На набережной начиналось ночное ненастье. Недаром недельная наледь на канале намерзла в ноябре с нуля.
- Я вновь затянул с оформлением, -- уныло произнес дон Хуан.
Я недоуменно повернулся к нему. Интонация дона Хуана навевала оттенки тонкой иронии. Дон Хуан незаметно подмигнул мне.
- Гражданин, документики! -- в неожиданно назидательном тоне милиционера не наблюдалось ничего положительного.
- Неужели снова нарушаем? -- наперебой начал недовольный напарник.
Я занервничал, а совершенно спокойный дон Хуан протянул нахмуренному наряду непонятный набор тоненьких бумажонок.
- Мексиканец? Небось очередной авантюрист? -- вновь неодобрительно хмыкнул сотрудник наряда. Он крайне подозрительно глянул на тонкий орлиный нос и внимательные немигающие глаза темнокожего дона Хуана и начал демонстративно позванивать прикрепленными к ремню наручниками.
Дон Хуан отвернулся от наряда в сторону и принялся тихонько напевать неразборчивые мантры.
На протяжении нескольких секунд милиционеры удивленно наблюдали за доном Хуаном как за невиданным созданием, словно он внезапно невероятно изменил внешность, а затем неожиданно развернулись и стремительно направились к патрульной машине.
- Наполеононенавистничество! -- пробубнил под нос дон Хуан вдогонку милиционерам, и неожиданно крикнул командным тоном:
- Начальник, нате документы!
Последний милиционер неуверенно остановился, но дон Хуан мгновенно догнал его и протянул пятисотенную.
- Я внушаю обманчивое впечатление безобидного и обеспеченного гражданина, -- сокрушенно пояснил он мне, когда мы с ним вновь смирились с одиночеством и наконец не спеша направились по набережной на наш нелегкий ноябрьский променад.
Дон Хуан в длительном молчании наслаждался моей растерянной внешностью. Наконец он напомнил:
- Энергия безупречности неотвратимо изменяет начинку нашей вселенной. Я немного перенастроил диапазон их внимания, точечно сдвинув сборочный принцип в направлении наших глубин, где нет никаких сомнений в отношении собственных знаний.

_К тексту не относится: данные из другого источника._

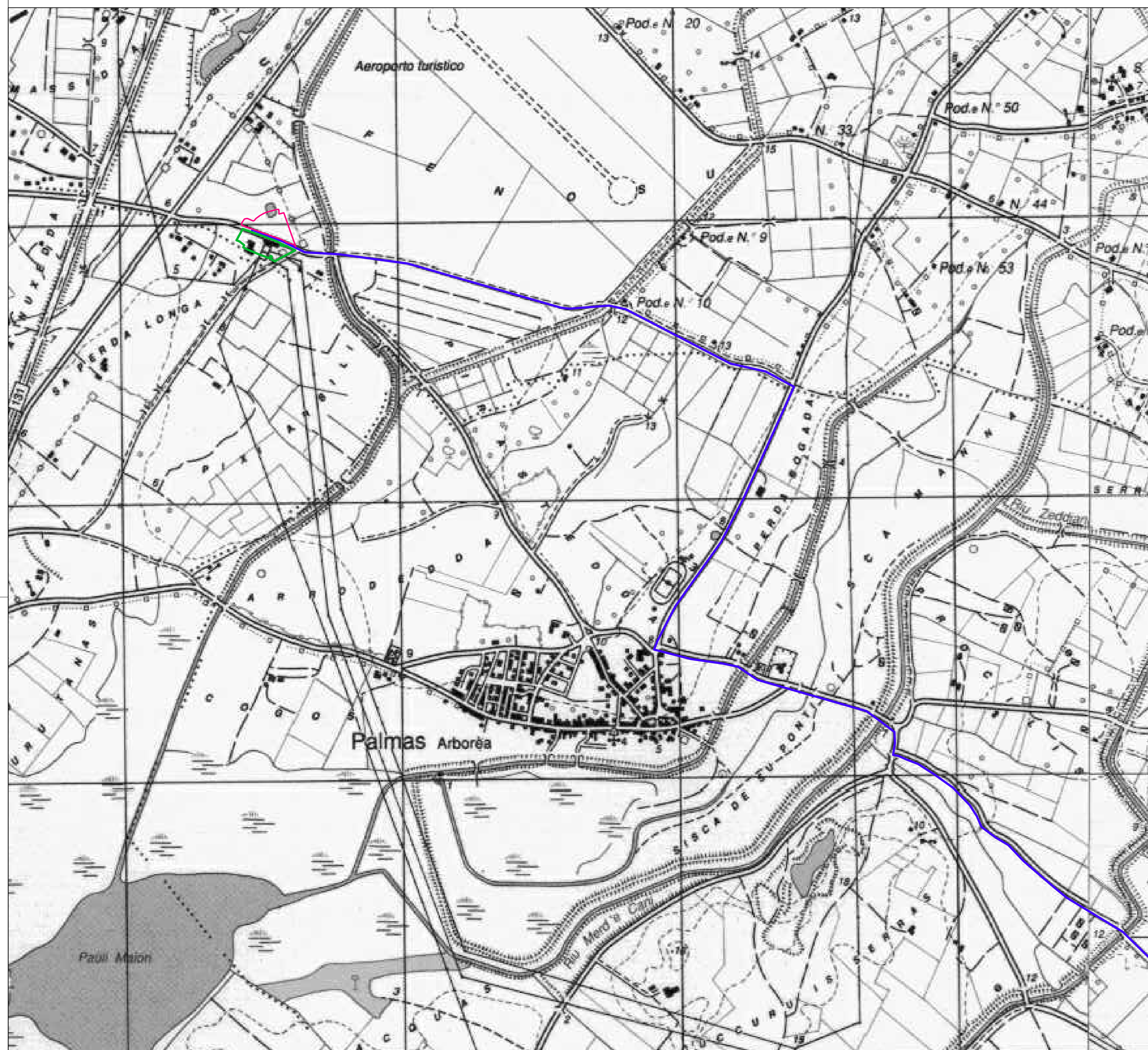
IGM FOGLIO N° 528 SEZ. II ORISTANO SUD 1.25000

Хуан хвастливо захихикал с ханжески хитрой харей хамелеона.
- Ни искренность, ни цинизм не несут никакой важности для нагваля. Они лишь вторичное от первопричины -- внимания к точечному перемещению сборочного принципа. Жизнь неизбежно закончится, независимо от наших желаний, и от многих из нас не останется ничего ценного. Признать это нелегко, и только воин вновь и вновь настойчиво направляет изначальное намерение в сторону невероятной безупречности. Он настраивается на личное исчезновение, и примитивные обыденные неприятности постепенно трансформируются в истинные команды необыкновенной полноты и немыслимые сновидения в неизмеримом неведомом. Существование словно ножом уничтожает неподобные, ненормальные и нерадивые устремления, а несгибаемый воин, отрешенно манипулируя намерением, интенсивно настраивается на свободную действительность, и в нем изнутри неумолимо начинает подниматься нечто, воспринимаемое вне нашего решения.
Наконец в темноте нарисовался финальный пункт нашей пешеходной разминки.
- Как бизнес? -- тактично поинтересовался я, глянув на новенький Nissan нежного небесного оттенка, аккуратно припаркованный доном Хуаном в начале ночной набережной.
- Как и все бизнесы без исключения -- традиционно уныло, -- пояснил дон Хуан. - Это такое социальное развлечение, надоедливое и крайне унылое. Ты в бизнесе не рискуешь ничем, кроме никчемных бумажонок, и они принуждают тебя жить в безопасности. Никогда не направляй на бизнес свою энергию, иначе станешь скучным неудачником, который не вознаградится ни одной из тайн нашей вселенной.
- Эта игра, несомненно, совершенно не опасна, поэтому бизнесмен к концу жизни становится высушенной безответственной посредственностью. Ты не найдешь среди предпринимателей ни одного искренне довольного жизнью. Все их существование испуганно и невидяще, оно от начала до конца искусственно -- это, как вы называете, одни сплошные понты. Точечное перемещение их сборочного принципа невозможно -- он крайне фиксирован. Единственная находка их ненастоящих жизней -- непрерывное повторение занудных шаблонов.
Тут дон Хуан демонстративно поднял руку, немного откинув модный, идеально сидящий на нем коричневый плащ, и взглянул на шикарный немецкий хронометр. Он явно насмехался надо мной, но я так и не осознал до конца, с чем же связана его тонкая насмешка.